Last week, the Ventura County District Attorney sent police squads to seize records from two sites run by Anterra Energy Services, which operates the only commercial injection wells in Ventura County legally allowed to dispose of fluids generated by oil production. Senior Deputy DA Christopher Harman said the company is the target of a criminal investigation but would not discuss the reason why. “I can confirm the search warrant,” he said. “I can’t comment on what the investigation is about.”

Anterra attorney Jim Prosser said the company is cooperating with Ventura authorities and indicated the spotlight appeared to be on actions by a previous management team, but he would not discuss details. “The investigation by the district attorney appears to be focused on a period around July 2013 when we were under prior management,” he said. “We are cooperating as requested, and brought out our IT professionals to assist in providing information.”

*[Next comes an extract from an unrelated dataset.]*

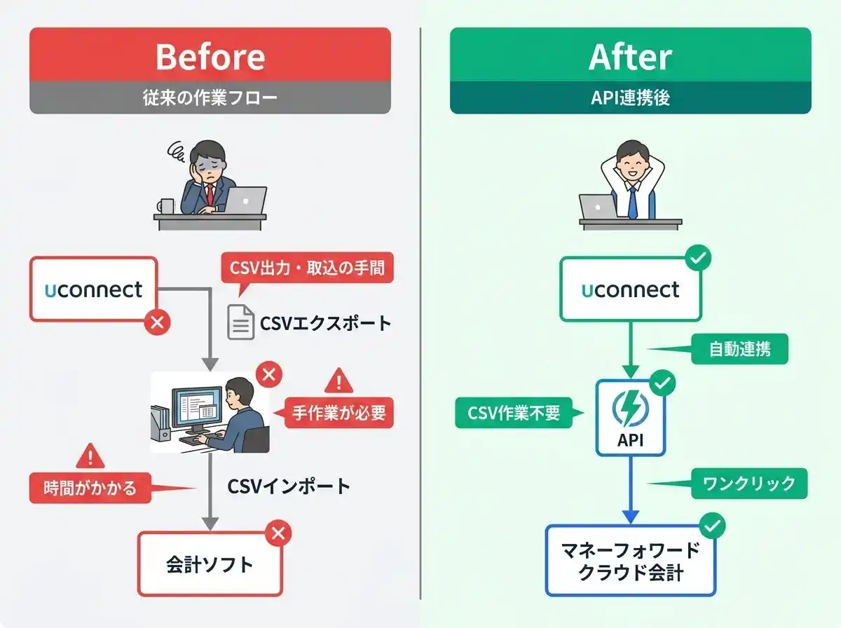 1クリックでuconnectからマネーフォワードクラウド会計へ連携できます! |
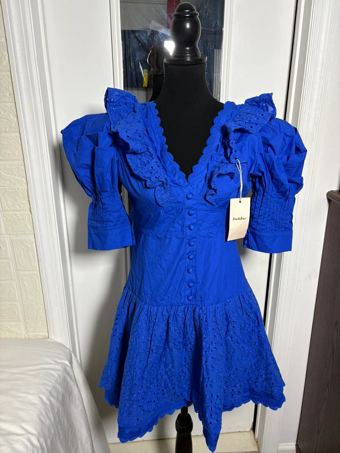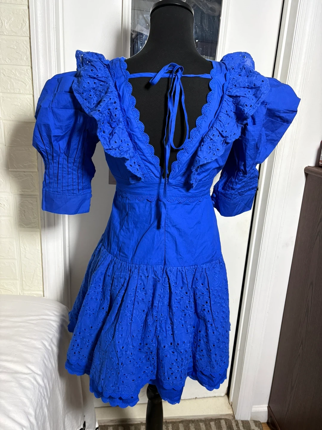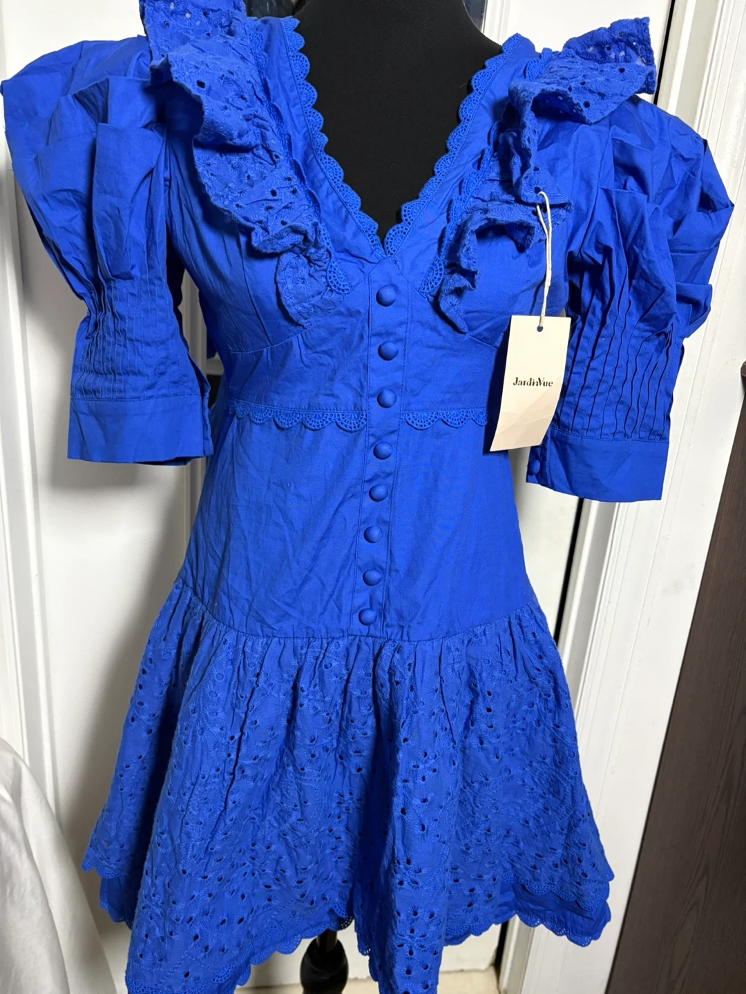 This charming mini dress comes in a vibrant blue with eye-catching ruffles and puff sleeves. It features a button-front closure and intricate eyelet detailing on the skirt. The fabric is lightweight and perfect for warmer weather.

The company has two injection wells on a site located on unincorporated land near Oxnard. Since 2010, according to records from the California Division of Oil, Gas and Geothermal Resources, at its main well the company injected 2,195,364 barrels of oil-field-related fluids at a depth of approximately 5,000 feet. The company is allowed to take two tanker trucks an hour for injection, but in the past three years, it has far exceeded its permitted limits of about 60,000 barrels a month, said Brian Baca, who manages commercial permitting for the county.

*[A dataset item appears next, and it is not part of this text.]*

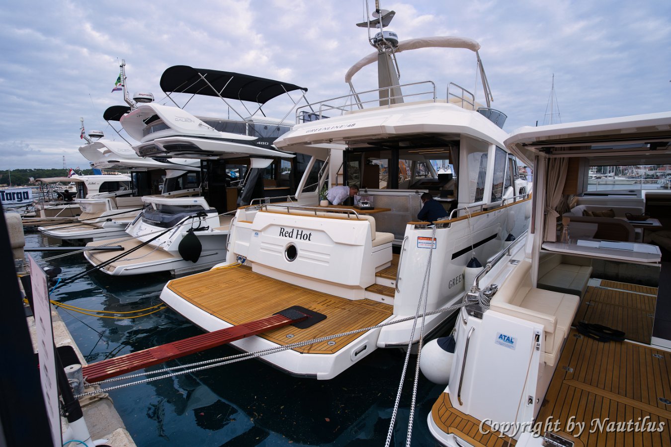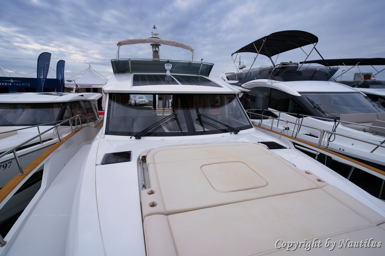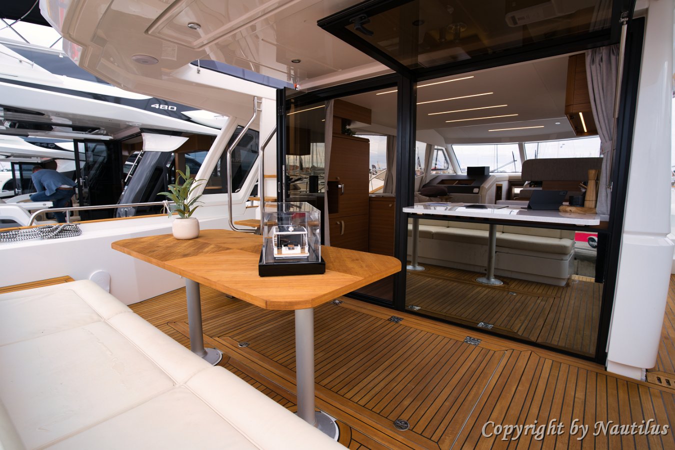Greenline-48-Fly-Deck Greenline 48 Fly Red Hot Dining on Red Hot Greenline Open Concept Flow on Red Hot Greenline Flybridge Access Greenline Walkways Teak Steps on Red Hot Red Hot Sun Lounge Greenline Solar Power Red Hot Stern Platform Greenline 48 Side View Foredeck of Red Hot Cockpit on Red Hot Greenline Cockpit Layout Socializing on Greenline 48

In a notice of violation to the company dated June 25, 2014, Baca charged, “Anterra Energy has violated the truck delivery limits [in the permit] for every month from November 2013 through March of 2014.” A “notice of noncompliance” has been recorded on the property, prohibiting the sale or refinancing of the facility, and the county has threatened the company with fines of more than $1,000 a day.

Yet Baca said that to his knowledge, the criminal investigation of Anterra is not related to the dispute over the permit. “The district attorney has not requested any information, and I have not participated in any communications on this with his office,” he said. “Our issue is the permit violation, and I don’t know of any linkage between the criminal investigation and our permit.”

Carmen Ramirez, mayor pro tem of the nearby city of Oxnard, expressed her frustration: “I don’t understand why we have an injection well in the middle of the Oxnard Plain,” she said. “We rely on groundwater for our homes and for our agriculture, and this is where we grow food for so much of the country. To be pumping unknown and potentially caustic substances into the ground here ​— ​I don’t know why we are so reckless.” Anterra has appealed the notice of violation, and the matter will be heard before a county planning board on October 23.